§ **Exercise instructions**
This calls for a verbatim copy of all the data, with no images carried over.

§ **Available data**

^^^^

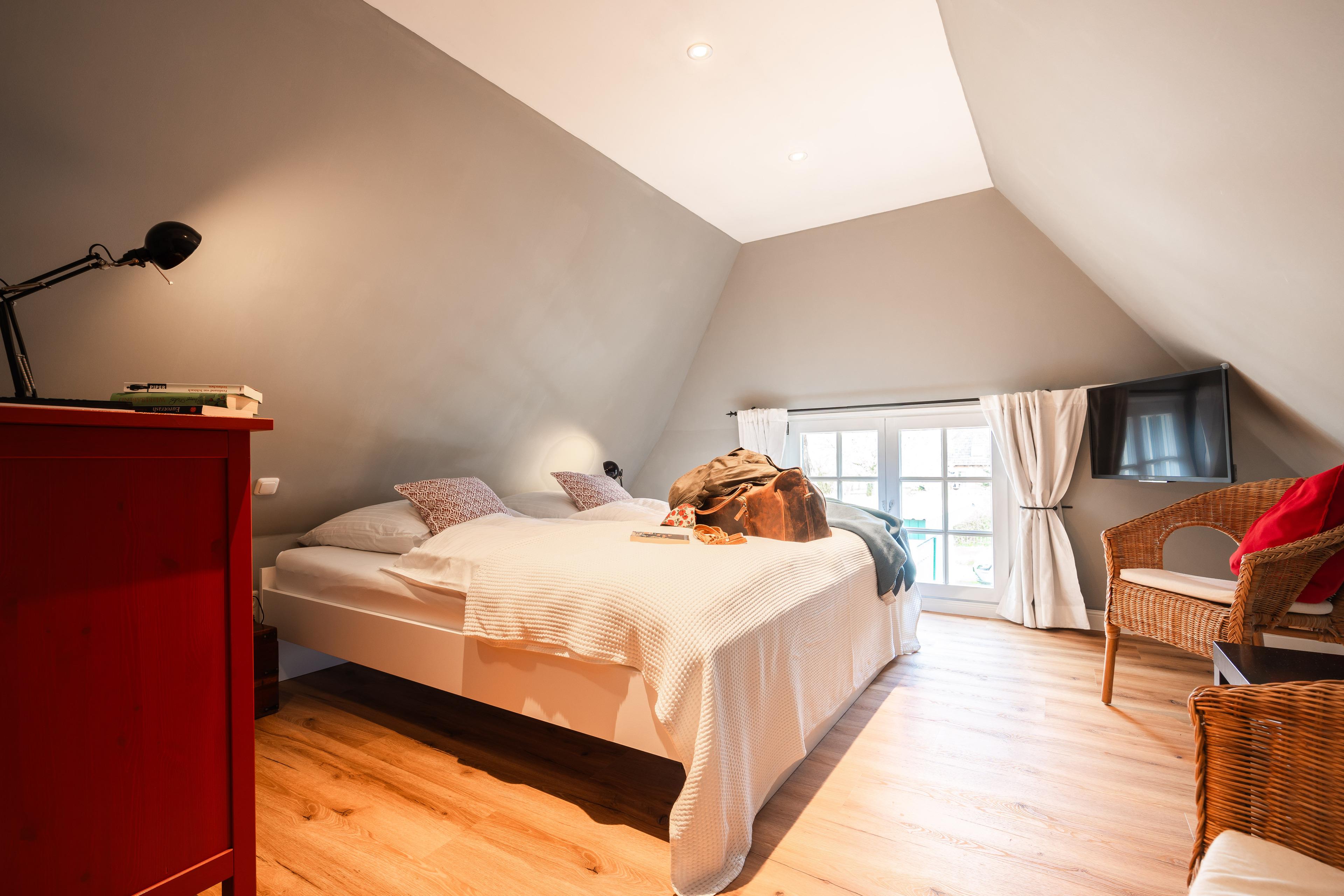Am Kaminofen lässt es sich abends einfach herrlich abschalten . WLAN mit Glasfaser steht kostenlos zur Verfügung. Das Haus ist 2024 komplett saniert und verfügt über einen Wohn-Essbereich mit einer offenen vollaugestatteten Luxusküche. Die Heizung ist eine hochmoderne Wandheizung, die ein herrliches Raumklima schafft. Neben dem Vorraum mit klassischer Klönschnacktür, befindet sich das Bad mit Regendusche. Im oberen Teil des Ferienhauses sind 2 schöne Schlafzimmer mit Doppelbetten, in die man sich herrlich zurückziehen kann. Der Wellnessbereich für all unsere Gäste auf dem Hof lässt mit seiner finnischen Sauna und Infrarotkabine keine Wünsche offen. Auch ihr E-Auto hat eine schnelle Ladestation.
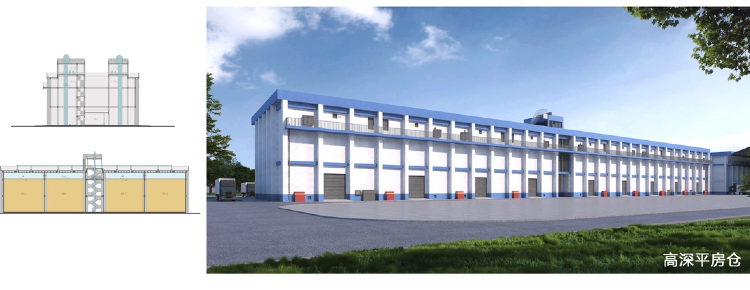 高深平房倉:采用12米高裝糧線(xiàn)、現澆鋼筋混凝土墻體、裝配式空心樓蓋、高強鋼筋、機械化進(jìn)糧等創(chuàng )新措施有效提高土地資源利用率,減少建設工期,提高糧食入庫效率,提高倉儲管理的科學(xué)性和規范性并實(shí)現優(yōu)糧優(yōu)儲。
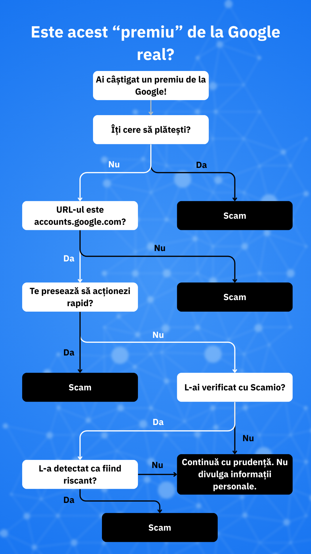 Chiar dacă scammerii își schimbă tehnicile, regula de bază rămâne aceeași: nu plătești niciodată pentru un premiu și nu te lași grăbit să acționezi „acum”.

^^^^

§ **Exercise output**
Am Kaminofen lässt es sich abends einfach herrlich abschalten . WLAN mit Glasfaser steht kostenlos zur Verfügung. Das Haus ist 2024 komplett saniert und verfügt über einen Wohn-Essbereich mit einer offenen vollaugestatteten Luxusküche. Die Heizung ist eine hochmoderne Wandheizung, die ein herrliches Raumklima schafft. Neben dem Vorraum mit klassischer Klönschnacktür, befindet sich das Bad mit Regendusche. Im oberen Teil des Ferienhauses sind 2 schöne Schlafzimmer mit Doppelbetten, in die man sich herrlich zurückziehen kann. Der Wellnessbereich für all unsere Gäste auf dem Hof lässt mit seiner finnischen Sauna und Infrarotkabine keine Wünsche offen. Auch ihr E-Auto hat eine schnelle Ladestation.
 高深平房倉:采用12米高裝糧線(xiàn)、現澆鋼筋混凝土墻體、裝配式空心樓蓋、高強鋼筋、機械化進(jìn)糧等創(chuàng )新措施有效提高土地資源利用率,減少建設工期,提高糧食入庫效率,提高倉儲管理的科學(xué)性和規范性并實(shí)現優(yōu)糧優(yōu)儲。
 Chiar dacă scammerii își schimbă tehnicile, regula de bază rămâne aceeași: nu plătești niciodată pentru un premiu și nu te lași grăbit să acționezi „acum”.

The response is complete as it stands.